If `sides` is not specified the test defaults to a two sided t-test.
### jStat.ttest( value, array, sides )
Returns the p-value of `value` given the data in `array`.
`sides` is an integer value 1 or 2 denoting a one or two sided
t-test. If `sides` is not specified the test defaults to a two
sided t-test.
## F Statistics
### jStat.anovafscore( array1, array2, ..., arrayn )
Returns the f-score of an ANOVA on the arrays.
### jStat.anovafscore( [array1,array2, ...,arrayn] )
Returns the f-score of an ANOVA on the arrays.
### jStat.anovaftest( array1, array2, ...., arrayn )
Returns the p-value of the f-statistic from the ANOVA
test on the arrays.
### jStat.ftest( fscore, df1, df2)
Returns the p-value for the `fscore` f-score with a `df1` numerator degrees
of freedom and a `df2` denominator degrees of freedom.
## Tukey's Range Test
### jStat.qscore( mean1, mean2, n1, n2, sd )

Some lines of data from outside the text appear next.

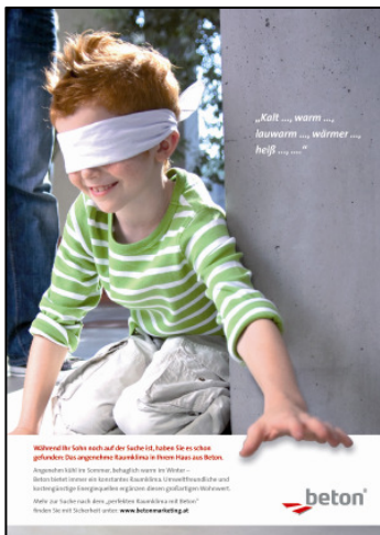
Beton als Energiespeicher, kühl im Sommer und warm im Winter.
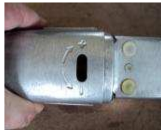
Hub Längen Einstellung 0- 20 mm
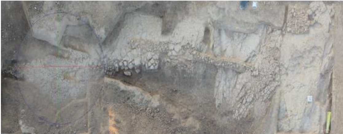
ΕΙΚ. 15: ΑΡΧΑΙΟΣ ΔΡΟΜΟΣ
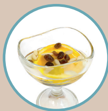
IL DOPO PASTO DI UNA VOLTA
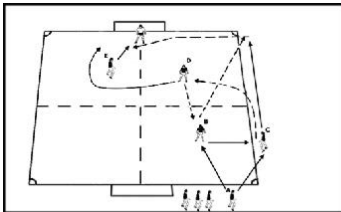
Æfing 3 - Uppspilsæfing, samhæfa sóknarfærslur

Völlur án marka, skipt í þrjá hluta, 24 x 36 metra. Tveir sóknarmenn gegn einum varnarmanni á hverjum hluta. Einn sóknarmaður frá hverjum hluta má hjálpa þannig að staðan verði 3:1. Markmiðið að ná fimm sendingum áður en færa má boltann á milli vallarþriðjunga. Varnarmenn vinna í þrjár mínútur. Tvær snertingar, en nota eina snertingu ef hægt er.
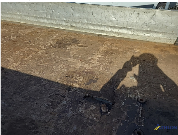
9. Laadbak Gebruikssporen
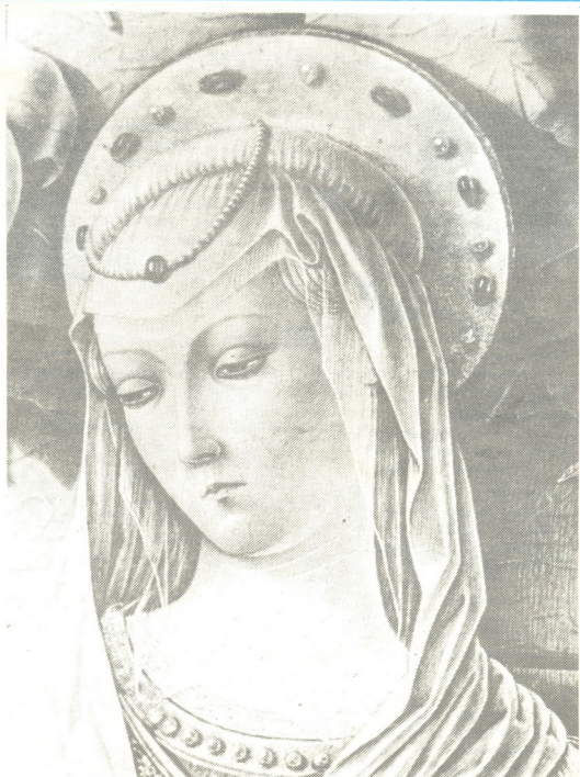
კარტიკონი — მარიამი (თეოდორე)

წინასწარმეტყველები ლაპარაკობდნენ იმ უბედურებებზე, რაც ებრაელ ხალხს დაატყდებოდა თავს ცოდვებისათვის — გაპარტახებაზე, ტყუობაზე, უცხოელთა პატონობაზე. მათ იწინასწარმეტყველეს, რომ ღმრთი გამოგზავნის ღვლამიწაზე მესიას — ქრისტეს — მხსნელს.
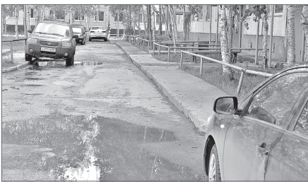
Собравшись вместе, жильцы дома на Комсомольском бульваре, 16-а могут облагородить свой двор.
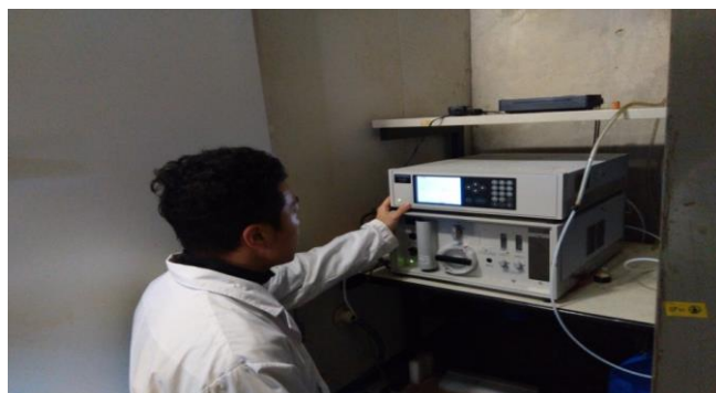
Measuring methane emission from sheep (メタン分析機によるヒツジからのメタン放出量の測定)
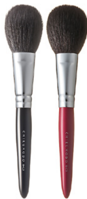
R-C3 CHIKUHODO CHEEK BRUSH Кисть для нанесения румян
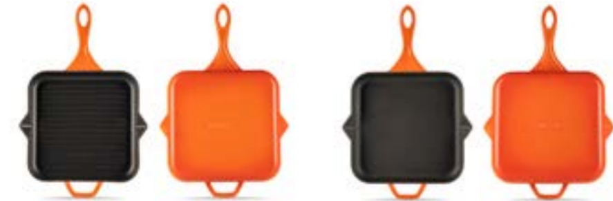
HS Y GTV 28
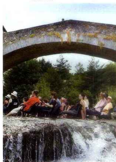
VOIX DE LA MÉDITERRANÉE

On aimerait y être : lecture « Les pieds dans l'eau » au festival Voix de la Méditerranée, à Lodève.
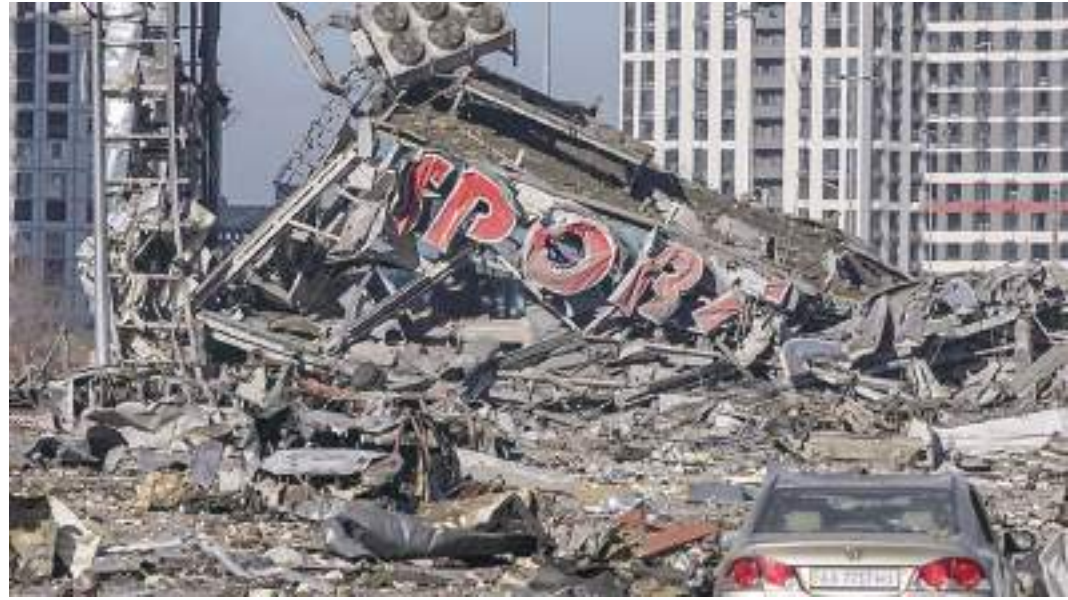
Centro comercial destruido por los bombardeos en Kiev.

La Indian Oil Corporation acaba de adquirir petróleo ruso con un descuento del 25%, además les compra el 60% de su armamento. El imperialismo norteamericano se hace el adalid de las sanciones, pero sigue importando uranio ruso para sus centrales. El presidente argentino, Alberto Fernández, ofreció a Putin tomar su país «como puerta en América Latina» para el comercio. El reaccionario Jair Bolsonaro estrechó la mano de Putin. El primer ministro pakistaní, Imran Jan, fue recibido por el Kremlin, no ha condenado la invasión y enfrenta una moción de censura.

Returns the q-score of a single pairwise comparison between arrays
of mean `mean1` and `mean2`, size `n1` and `n2`, and standard deviation (of
all vectors) `sd`.
### jStat.qscore( array1, array2, sd )
Same as above, but the means and sizes are calculated automatically
from the arrays.
### jStat.qtest( qscore, n, k )
Returns the p-value of the q-score given the total sample size `n`
and `k` number of populations.
### jStat.qtest( mean1, mean2, n1, n2, sd, n, k )
Returns the p-value of a single pairwise comparison between arrays
of mean `mean1` and `mean2`, size `n1` and `n2`, and standard deviation (of
all vectors) `sd`, where the total sample size is `n` and the number of
populations is `k`.
### jStat.qtest( array1, array2, sd, n, k )

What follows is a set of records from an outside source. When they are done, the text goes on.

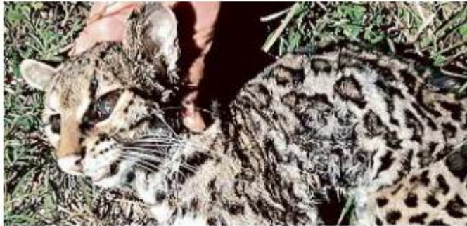
■ El tigrillo que fue encontrado muerto en El Nixticuil.
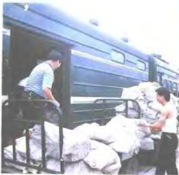
火车干线邮路交接邮件
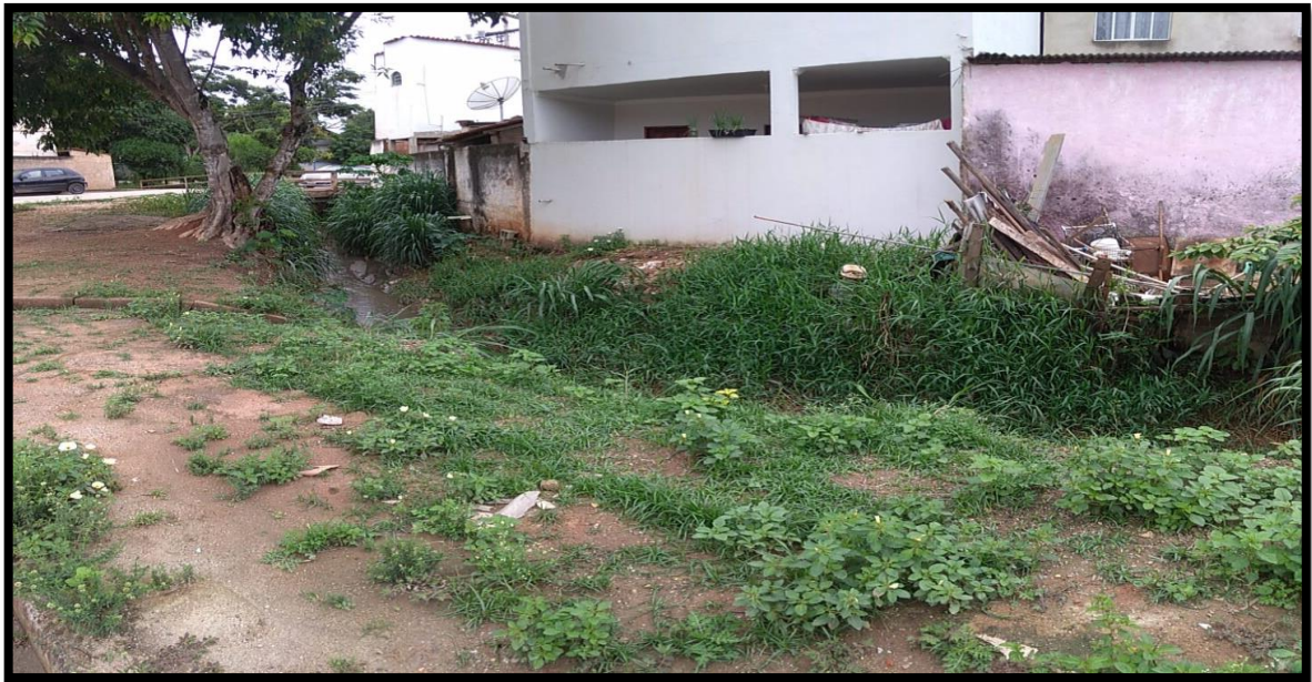
Figura 7 – Rua Ervino Hermann Preisell (AUTORES, 2019)

Segundo Leal (2008), apesar dos benefícios a saúde proporcionada pelo esgotamento sanitário, quando não feito de maneira adequada, pode acarretar na deterioração dos corpos receptores, além de possíveis vazamentos e poluição das redes coletoras, como é possível verificar na Figura 7.

Same as above, but the means and sizes are calculated automatically
from the arrays.
### jStat.tukeyhsd( arrays )
Performs the full Tukey's range test returning p-values for every
pairwise combination of the arrays in the format of
`[[[index1, index2], pvalue], ...]`
For example:
> jStat.tukeyhsd([[1, 2], [3, 4, 5], [6], [7, 8]])
[ [ [ 0, 1 ], 0.10745283896120883 ],
[ [ 0, 2 ], 0.04374051946838586 ],
[ [ 0, 3 ], 0.007850804224287633 ],
[ [ 1, 2 ], 0.32191548545694226 ],
[ [ 1, 3 ], 0.03802747415485819 ],
[ [ 2, 3 ], 0.5528665999257486 ] ]
## Confidence Intervals
### jStat.normalci( value, alpha, sd, n )
Returns a 1-alpha confidence interval for `value` given
a normal distribution with a standard deviation `sd` and a
sample size `n`
### jStat.normalci( value, alpha, array )
Returns a 1-alpha confidence interval for `value` given
a normal distribution in the data from `array`.
### jStat.tci( value, alpha, sd, n )
Returns a 1-alpha confidence interval for `value` given
the standard deviation `sd` and the sample size `n`.
### jStat.tci( value, alpha, array )
Returns a 1-alpha confidence interval for `value` given
the data from `array`.
### jStat.fn.oneSidedDifferenceOfProportions( p1, n1, p2, n2 )
Returns the p-value for a 1-sided test for the difference
between two proportions. `p1` is the sample proportion for
the first sample, whereas `p2` is the sample proportion for
the second sample. Similiarly, `n1` is the sample size of the
first sample and `n2` is the sample size for the second sample.
### jStat.fn.twoSidedDifferenceOfProportions( p1, n1, p2, n2 )
Returns the p-value for a 2-sided test for the difference
between two proportions. `p1` is the sample proportion for
the first sample, whereas `p2` is the sample proportion for
the second sample. Similiarly, `n1` is the sample size of the
first sample and `n2` is the sample size for the second sample.